*** Block opens ***
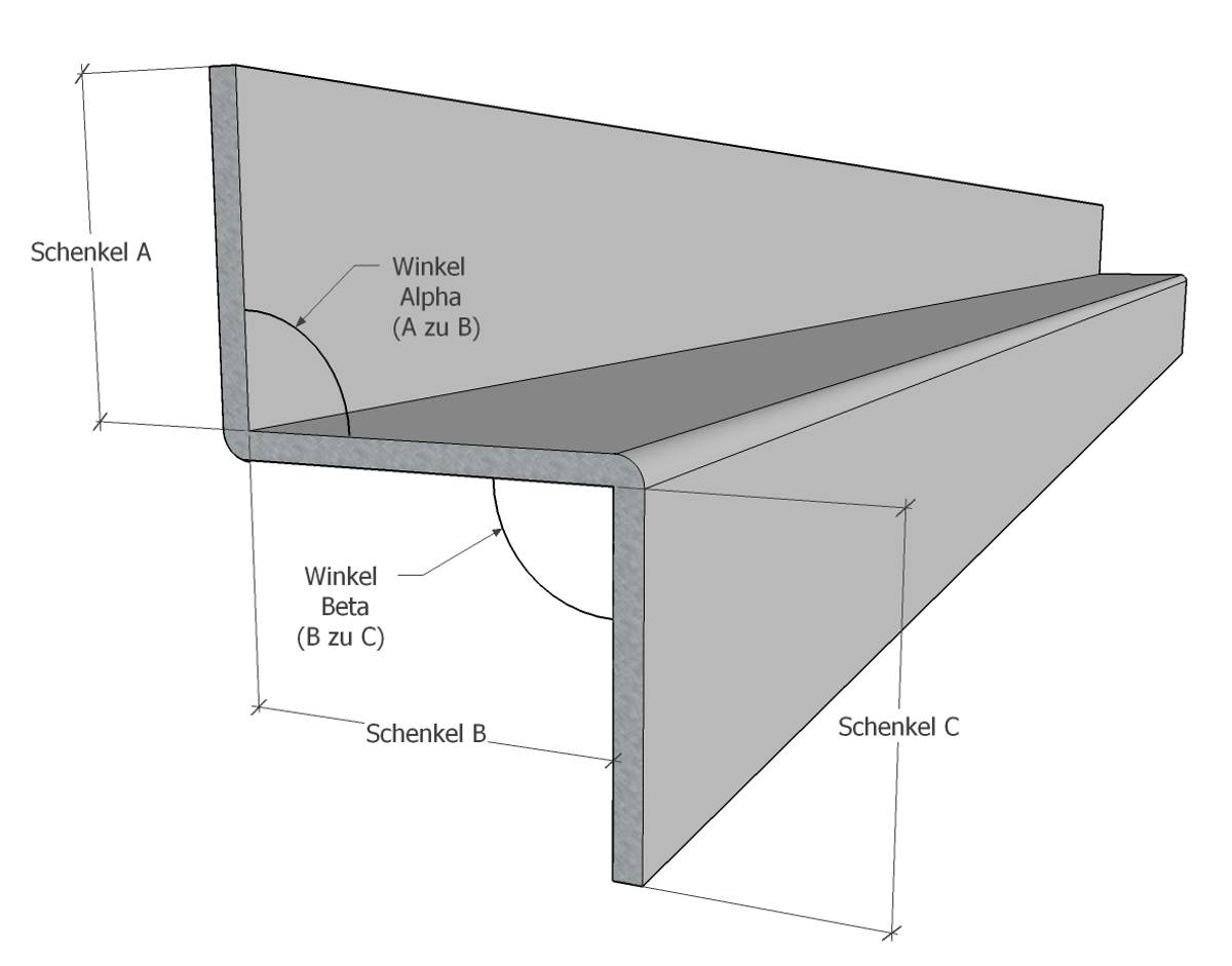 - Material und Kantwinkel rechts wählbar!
*** Block closes ***
*** Block opens ***
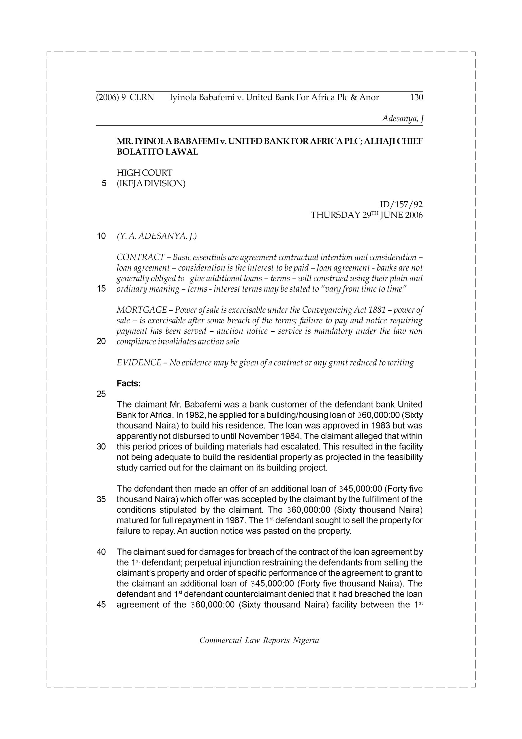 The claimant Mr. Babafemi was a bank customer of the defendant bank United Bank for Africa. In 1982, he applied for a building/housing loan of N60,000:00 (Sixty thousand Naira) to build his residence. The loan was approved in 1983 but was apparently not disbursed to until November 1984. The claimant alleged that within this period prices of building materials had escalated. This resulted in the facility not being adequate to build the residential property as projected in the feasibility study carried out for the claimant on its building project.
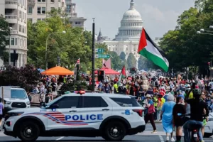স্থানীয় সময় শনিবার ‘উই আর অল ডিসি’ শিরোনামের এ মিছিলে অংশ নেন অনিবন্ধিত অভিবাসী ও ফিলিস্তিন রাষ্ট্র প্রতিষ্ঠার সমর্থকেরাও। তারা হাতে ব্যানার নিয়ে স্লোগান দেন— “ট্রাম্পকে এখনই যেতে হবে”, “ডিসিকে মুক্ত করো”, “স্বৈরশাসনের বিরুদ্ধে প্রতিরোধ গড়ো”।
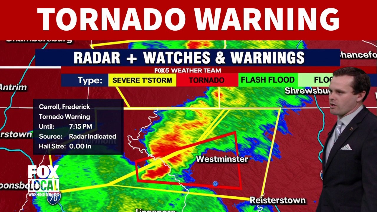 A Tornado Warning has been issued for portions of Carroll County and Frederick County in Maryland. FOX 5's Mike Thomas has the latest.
*** Block closes ***
— Work instructions —
Work from the entries above. Set down exactly and only the lines from the line with "The claimant Mr." to the line with "A Tornado Warning", both included, and leave the pictures out.

— Answer for this exercise —
 The claimant Mr. Babafemi was a bank customer of the defendant bank United Bank for Africa. In 1982, he applied for a building/housing loan of N60,000:00 (Sixty thousand Naira) to build his residence. The loan was approved in 1983 but was apparently not disbursed to until November 1984. The claimant alleged that within this period prices of building materials had escalated. This resulted in the facility not being adequate to build the residential property as projected in the feasibility study carried out for the claimant on its building project.
স্থানীয় সময় শনিবার ‘উই আর অল ডিসি’ শিরোনামের এ মিছিলে অংশ নেন অনিবন্ধিত অভিবাসী ও ফিলিস্তিন রাষ্ট্র প্রতিষ্ঠার সমর্থকেরাও। তারা হাতে ব্যানার নিয়ে স্লোগান দেন— “ট্রাম্পকে এখনই যেতে হবে”, “ডিসিকে মুক্ত করো”, “স্বৈরশাসনের বিরুদ্ধে প্রতিরোধ গড়ো”।
 A Tornado Warning has been issued for portions of Carroll County and Frederick County in Maryland. FOX 5's Mike Thomas has the latest.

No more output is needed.